---- SOURCE INFORMATION

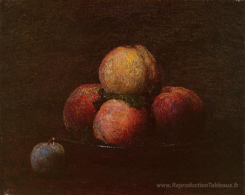 Nous vous proposons une reproduction artisanale sur toile du célèbre tableau 'Pêches et une prune' de Henri Fantin-Latour, provenant du Musée de la Reproduction.
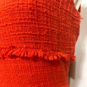 This elegant red sleeveless dress is perfect for any occasion. Its vibrant color and stylish design make it a must-have in your wardrobe. Tweed texture with fringe trim details. In great condition, this dress is so flattering!
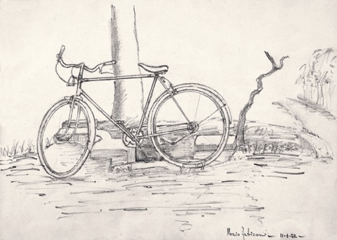 «Segni in bianco e nero di matita e colori tenui di pastello, tracciati su fogli ingialliti – scrive Bepi Vigna nella sua presentazione -. Il tempo riemerge in frammenti da una vecchia cartella. La madre che stira sul tavolo da cucina, Mariolino che disegna, la radio che racconta. Ciclisti e calciatori… Coppi e Bartali, Tex Willer, ritratti insieme a cugini, amici, compagni di scuola. Rita Hayworth accanto a fanciulle desiderate e irraggiungibili… Gli anni Cinquanta furono quelli del miracolo della modernità, l’inizio di un’epoca in cui si poteva di nuovo sognare… C’è questo nei disegni di Mariolino: le tracce di una rivoluzione antropologica».
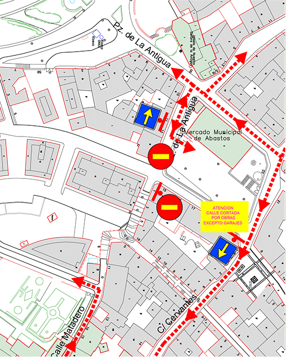 – El resto de circulación se mantiene como hasta ahora, siendo la C/ Cervantes de subida hacia la C/ Matadero y a la C/ Juan Bautista Topete.
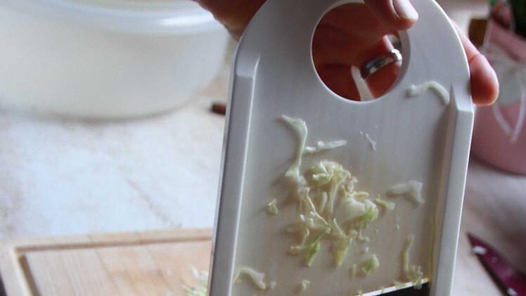 Mit einem Griff zieht Sigrid Kleinhenz einen ihrer treuesten Küchenhelfer aus der Schublade. Karotten und rote Beete mag sie am liebsten grob geschnitten, erzählt sie. Dieser Hobel aber ist für feines gedacht - wie Gurkensalat und: Krautsalat. Nachdem sie die äußeren Blätter vom Kohl entfernt und den Strunk gerade abgeschnitten hat, halbiert sie den Spitzkohl. Den Strunk behält der Kohl - so fällt er nicht auseinander und Sigrid Kleinhenz hat jetzt beim Hobeln etwas zum Zupacken. Die Reste hackt die 57-Jährige mit dem Messer fein. "Es kommt nix weg", sagt Sigrid Kleinhenz. Wenn der Krautkopf zu feinen Streifen geworden ist, setzt sie den Sud auf: Für den 700-Gramm-Kohl reichen eine Tasse Essig, eine viertel Tasse Öl, eine halbe Tasse Zucker und ein Teelöffel Salz. Zusammen aufkochen lassen und gründlich unter den Kohl mengen.
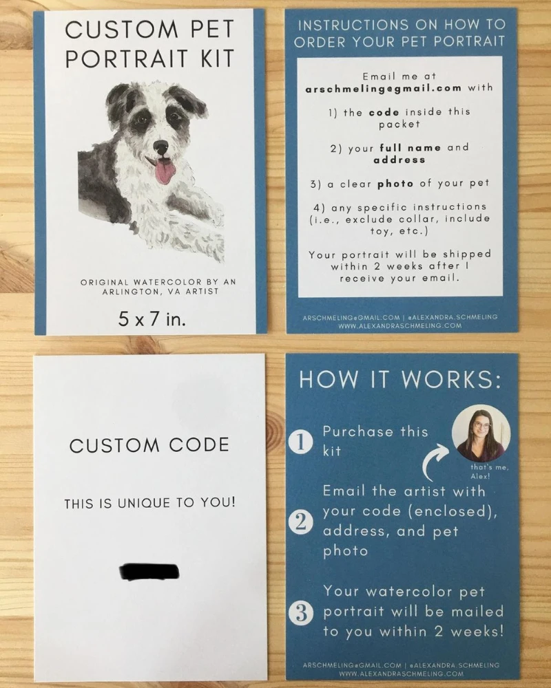 3. The recipient follows the instructions inside to contact Alexandra Schmeling with their name, address, and pet photo.

--------

▶ _DIRECTIONS_:
The answer must consist solely of the lines from the first line of the data through the line containing "This elegant red", inclusive, reproduced exactly and without pictures.

▶ _SOLUTION TO THE EXERCISE_:
 Nous vous proposons une reproduction artisanale sur toile du célèbre tableau 'Pêches et une prune' de Henri Fantin-Latour, provenant du Musée de la Reproduction.
 This elegant red sleeveless dress is perfect for any occasion. Its vibrant color and stylish design make it a must-have in your wardrobe. Tweed texture with fringe trim details. In great condition, this dress is so flattering!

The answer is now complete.